Abstract

121 Background: More than 362,000 female cancer survivors under 40 years old live in the US. Research consistently shows no increased cancer risk among offspring of cancer survivors in the absence of a hereditary cancer. Still survivors voice concerns over the health of future children. This analysis explores young adult female cancer survivors’ (YAFCS) perceptions of genetic cancer risk and related reproductive concerns.
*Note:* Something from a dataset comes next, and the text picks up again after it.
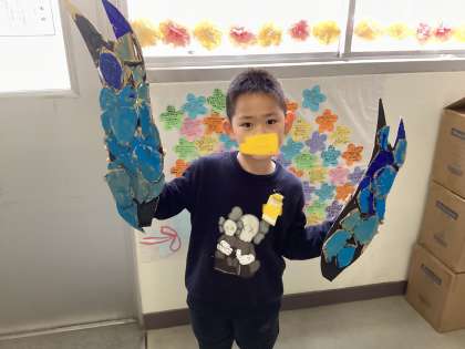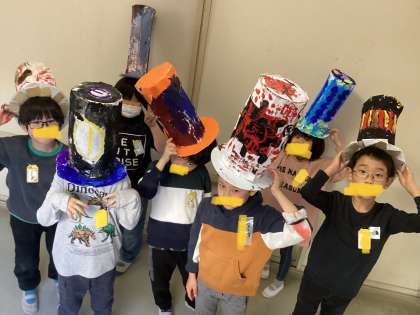 2年生の図工は色々な製作活動にチャレンジていします。今日は「翼」を作りました、という2組の子と、自分のテーマに沿ったオリジナルの帽子を作った3組の子が完成した作品を見せにきてくれました。思いを表現できた嬉しさが笑顔に現れていました。
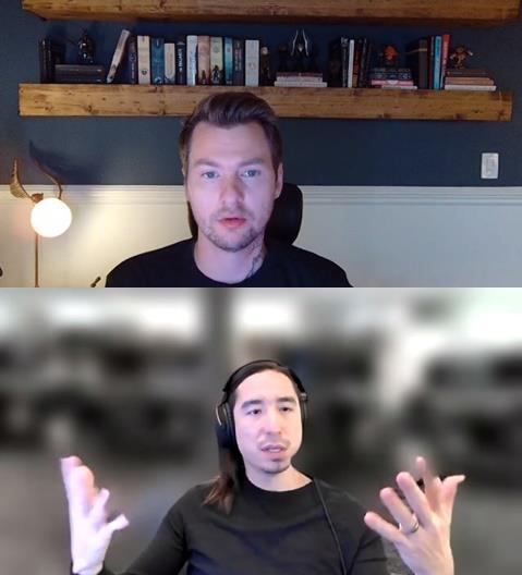 | ▲ '아케인' 공동제작자 인터뷰 라이엇게임즈의 '리그오브레전드'(LoL·롤) 세계관 기반 넷플릭스 오리지널 시리즈 '아케인'을 공동 제작한 크리스티안 링케(위)와 알렉스 이가 국내 언론과 화상 인터뷰하고 있다. 2021.11.7 [라이엇게임즈 제공, 재판매 및 DB 금지] photo@yna.co.kr |

Methods: Eligible females were aged 18-35, at least one year post-treatment. Participants were recruited using social media posts from 17 young adult cancer advocacy groups and directed to an anonymous web-based survey that included the Reproductive Concerns after Cancer Scale (RCACS), with a 3-item “Concerns about Future Child Health” subscale. Results: 346 YAFCS completed the full survey, and based on logic-based branching, 192 respondents could have completed the RCACS: 177 (92%) completed the entire scale and 187 (97%) completed the child’s health subscale. Mean RCACS score was 58.5 (sd = 11.6; range 22-86); mean child’s health score was 11.3 (sd = 3.3; range 3-15), with a negative skew. At the item-level, 65% of the sample worried about passing along cancer risk to offspring; 71% worried about family health history affecting future children; and 60% were afraid their children would have a high chance of getting cancer. RCACS and child’s health subscale scores did not vary by age, race, education, income, or diagnosis. Further, mean scores did not vary between survivors of family cancer syndromes (breast, ovarian, colorectal) and those with other diagnoses (RCACS: t = 1.4, df = 175, p = .14; child’s health: t = 0.02, df = 185, p = .99). Conclusions: Despite studies showing minimal genetic cancer risk in offspring of survivors, many YAFCS have concerns about the health of future children. This may be related to mistaken beliefs that genetic mutations within tumor cells are transmissible or unawareness of availability of pre-implantation genetic diagnosis for embryo selection in those with transmissible genetic mutations. There is a need to educate patients about these issues to enable them to make family building choices based on accurate information about genetic risk.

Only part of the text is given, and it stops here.